龙图腾网通过国家知识产权局官网在2026-01-16发布的发明授权授权公告中获悉:该发明授权的专利申请号/专利号为:202211694853.0,技术领域涉及:G06F18/2415;该发明授权基于小样本学习的增压锅炉故障诊断方法及故障诊断模型的训练方法和测试方法是由史建新;李国龙;葛坤;王佳琪;苏健;曹元伟;张国磊;李彦军;杨龙滨;孙宝芝;韩洋设计研发完成,并于2022-12-28向国家知识产权局提交的专利申请。
本基于小样本学习的增压锅炉故障诊断方法及故障诊断模型的训练方法和测试方法在说明书摘要公布了:本发明属于增压锅炉故障诊断领域,涉及一种基于小样本学习的增压锅炉故障诊断方法及故障诊断模型的训练方法和测试方法,旨在解决增压锅炉故障诊断存在的数据稀缺问题,要点包括获取故障样本;将所述故障样本划分为训练集以及验证集;从所述训练集中随机抽出故障样本,构造一批数量相同的正负样本对;将所述正负样本对分批次输入所述孪生深度网络进行训练;构造验证集以及验证支持集;遍历验证集中的故障样本;获取所述模型的故障诊断准确率等,效果是使得属于小样本、非线性分类的具有数据稀缺的增压锅炉故障诊断得以实现。

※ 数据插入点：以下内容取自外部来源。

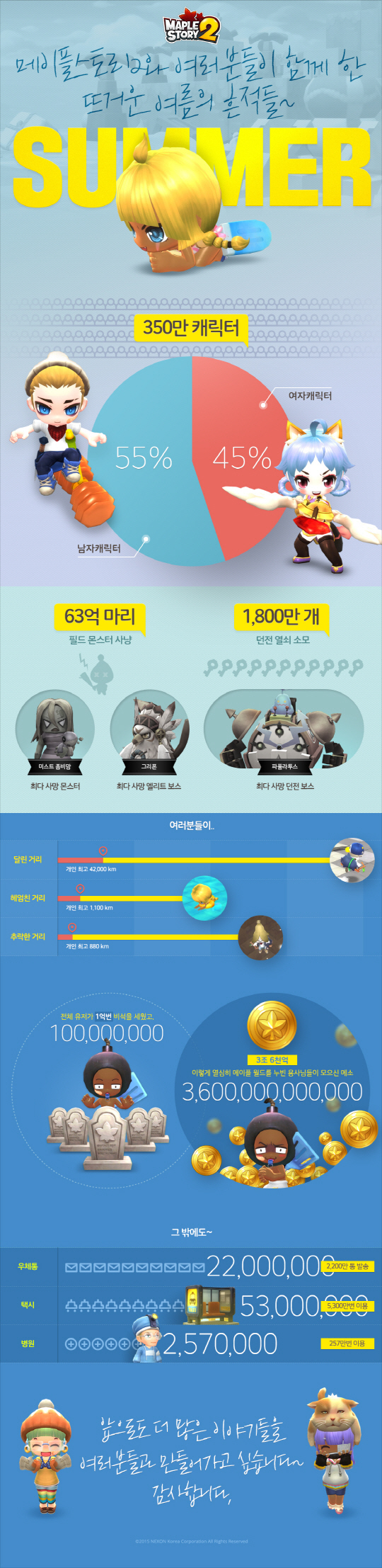 넥슨은 '메이플스토리2'가 정식 서비스를 시작한 이후 2개월여간의 기록을 담은 인포그래픽을 11일 공개했다. 2개월동안 350만 캐릭터가 생성됐고 63억마리의 필드 몬스터 사냥이 이뤄졌다. 남정석 기자 bluesky@sportschosun.com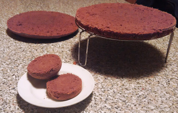 Cortar el bizcocho por la mitad. Esperar a que enfríe.
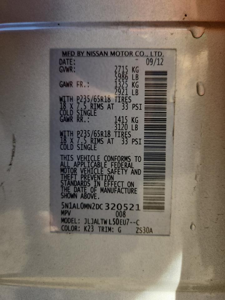 Колір СрібнийЦиліндри 6VIN 5N1AL0MN2DC320521Стан НевідомоУшкодження Передня або задня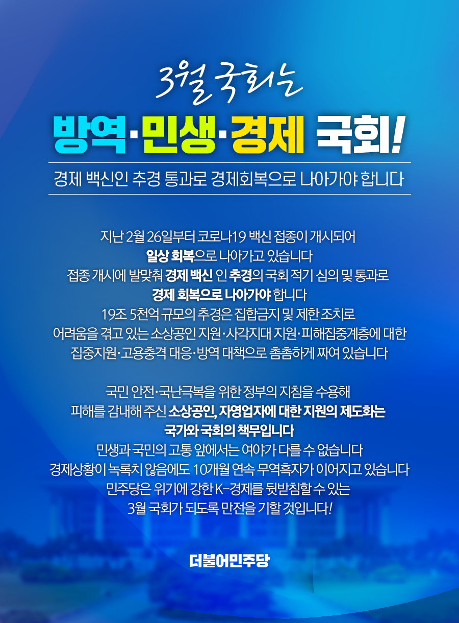 3월 국회는 방역·민생·경제 국회!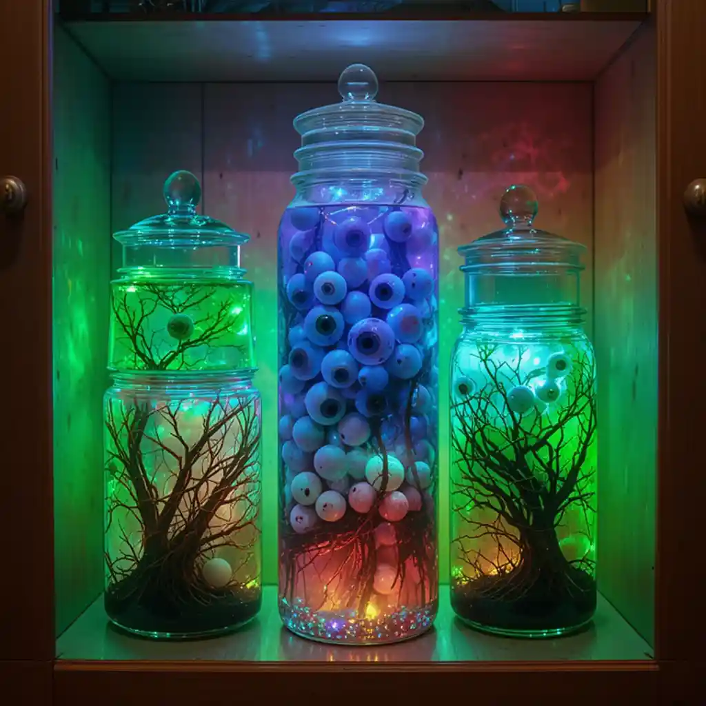 Display jars filled with faux eyeballs, floating in colored water, inside a cabinet with green backlighting for maximum creep factor.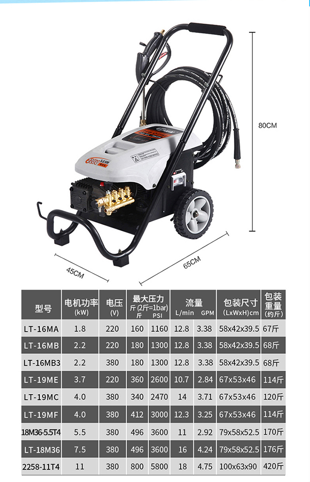 水源类型:自吸;电机冷却:风冷;适用环境:汽车,摩托车,电动车,自行车,庭院,园艺,宠物,酒店,工厂,物业,牧场,生鲜,市政;用途类型:商用高压;电源类型:220V;外观类型:推车式;额定压力:111bar以上;水管长度:10~20m;电机类型:感应电机;产品品牌:绿霸;产品型号:LT-16MB;包装清单:洗车机*1,进水管*1,钢丝管*1,水枪*1,过滤器*1,喷嘴*4,说明书*1;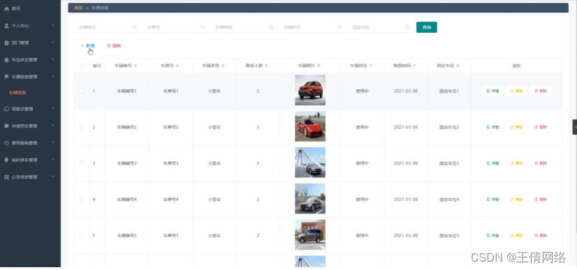车辆信息管理,在车辆信息管理页面可以查看索引、车辆编号、车牌号、车辆类型、限乘人数、车辆图片、车辆状态、购置时间、固定车位等信息,并可根据需要进行修改或删除等操作,如图5-5所示。

本发明授权基于小样本学习的增压锅炉故障诊断方法及故障诊断模型的训练方法和测试方法在权利要求书中公布了:1.一种基于小样本学习的增压锅炉故障诊断模型训练方法,其特征在于,所述基于小样本学习的增压锅炉故障诊断模型包括孪生深度网络,所述训练方法S100包括 S101.获取故障样本; S102.将所述故障样本划分为训练集以及验证集; S103.从所述训练集中随机抽出故障样本,构造一批数量相同的正负样本对; S104.将所述正负样本对分批次输入所述孪生深度网络进行训练; S105.构造验证集以及验证支持集,所述验证集故障样本分配有故障类别标签,所述验证支持集中包括与验证集中相同的N个故障类别,每个故障类别包括K个所述故障样本; S106.遍历验证集中的故障样本,分别与验证支持集中的故障样本配对,再将配对的故障样本对输入所述孪生深度网络,获取验证集中故障样本的故障类别; S107.通过所述验证集中故障样本的故障类别,对比验证集故障样本的所述故障类别标签,获取所述模型的故障诊断准确率; S108.重复步骤S103~S107,直至达到预定的迭代次数或所述模型的故障诊断准确率达到预设值; S109.将最后一次迭代所获取的模型参数赋予所述模型。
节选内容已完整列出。